The logical choice was UFA President Henry Wise Wood. However, Wood had little taste for the minutiae of government, preferring to remain at the head of what he saw as a broader political movement (saying he would "sooner be President of the UFA than the USA"), and saw party lawyer Brownlee as the best choice. Brownlee, who, like Wood, had not contested the election, said he felt that the Premier must be a farmer for the aspirations of the UFA's base to be fulfilled. George Hoadley, one of the two UFA members with previous legislative experience (Hoadley had been a sitting Conservative MLA prior to the election; UFA MLA Alex Moore had been elected in a by-election a few months before the general election), was considered, but since his previous experience had been as a Conservative—one of the old line parties so disdained by the UFA — he was deemed unacceptable. There was even some speculation that incumbent Liberal Premier Charles Stewart, who had become a member of the UFA before it entered politics directly, would stay on as Premier, but he immediately announced that he would serve only until the UFA selected a leader. A meeting of the UFA caucus in Calgary selected Greenfield, and he took office as Premier on August 13, 1921.

== Premier ==

Greenfield took office as Premier amid great expectations. The Lethbridge Herald called him "the only new Moses that can bridge the Red Sea", while the Calgary Herald noted that "no government ever went into office in this country carrying better wishes for its success". He also took office without a seat in the legislature. This latter circumstance was addressed through the voluntary resignation of Donald MacBeth Kennedy, who had won the riding of Peace River for the UFA. Greenfield won the seat by acclamation on December 9, 1921.

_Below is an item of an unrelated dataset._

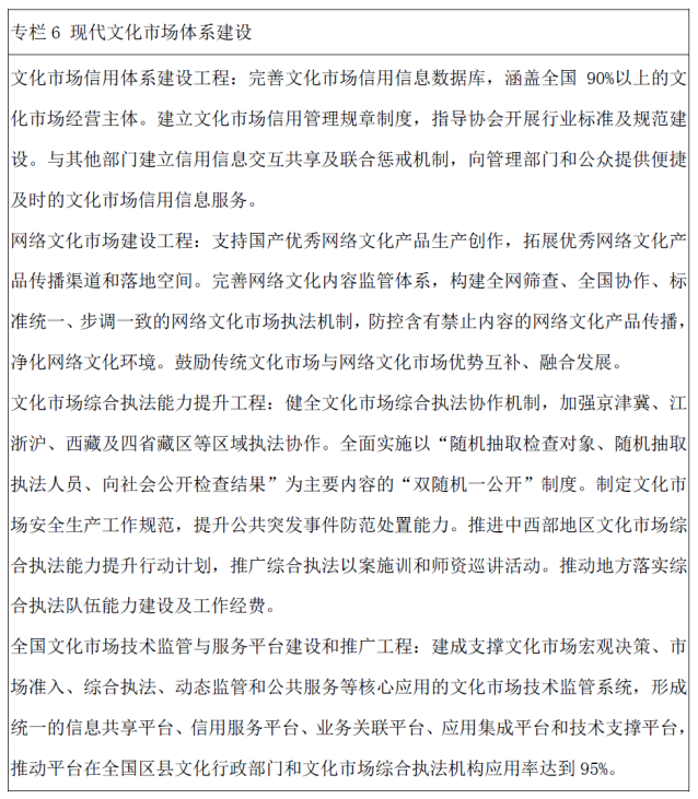 ——到“十三五”期末,基于文化市场技术监管与服务平台的文化市场信用信息数据库涵盖全国90%以上的文化市场经营主体,文化市场技术监管与服务平台在全国区县级文化行政部门和文化市场综合执法机构应用率达到95%以上。

=== Legislature and cabinet ===

Once in the legislature, however, Greenfield faltered in his leadership of his caucus. The UFA MLAs came from a determinedly independent and non-partisan background and proved nearly impossible to whip. When Greenfield selected his cabinet and was about to announce it to his caucus for their vetting, he was interrupted by Lorne Proudfoot who asked whether, in addition to the rumoured inclusion of Labour members, the cabinet would include any of the fourteen Liberal MLAs. Proudfoot argued that to exclude them would be to "start out much after the matter of the old parties". Greenfield had not intended this, and suggested that no Liberals would likely be amenable to it. Irene Parlby, the caucus's only woman (who Greenfield would shortly name as Alberta's first female cabinet minister) agreed, and suggested that the UFA's ideal of securing representation for all economic groups in society did not apply to the Liberals, who were not an economic group and were not democratically organized in any event. Proudfoot's proposal was defeated sixteen votes to fourteen. Greenfield went on to name the seven member cabinet he had intended, including Labour MLA Alex Ross as Minister of Public Works, Parlby as Minister Without Portfolio, and Greenfield himself as Provincial Treasurer.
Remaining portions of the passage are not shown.